Do you see the potential for a community around federated learning?
That’s the final goal of the system: everyone has some form of access to the data, everyone gets to keep their data private, none of the data leaks and all private information is protected. But you still get the benefits of machine learning. Many organizations may want to sell their data but not provide ownership to run machine learning models and get analytics. And others might wish for a community to build models on the data, but they can’t afford to lose ownership of the data. I can see this being massive, especially in industries where there’s a lot you can’t do because of personally identifiable information (PII) or protected health information (PHI).
What are the steps to make sure data is secure?

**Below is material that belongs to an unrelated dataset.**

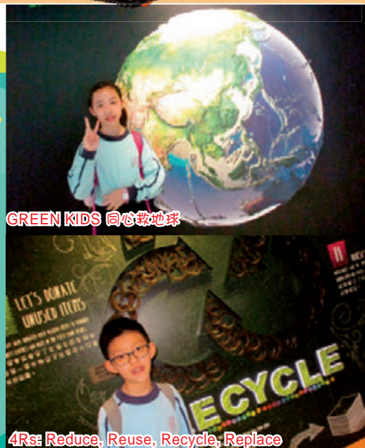
GREEN KIDS 同心救地球

There are vulnerabilities, like model inversion attacks, membership inference attacks, and model poisoning attacks. Still, I’d say federated machine learning is step one towards a much larger privacy infrastructure for machine learning and analytics, but there is a long road ahead.
There are technologies like differential privacy that smooths and adds noise to the information output from the data owner—this way, no single data point information is leaked. There are encryption technologies through which you can take data and models from different locations and perform secure aggregations such that only the aggregated model is visible to the aggregator and no individual models coming from each data source are exposed. There are so many different levels to increase the data’s level of privacy.
To wrap it up, what would you say is your favorite part of the day-to-day? What’s the most challenging?
My favorite part is ideating and coding. I love delving into these problems and trying to solve them, coming up with new ways to solve the old problems. Some days, I’m reading papers to really understand a new technology and then try to implement it. I get satisfaction when I can deploy a product that someone is actually using. So that’s the best part of my job. For me, the most challenging part is managing the time between meetings and balancing my schedule to have enough time for the coding and deep-focus work.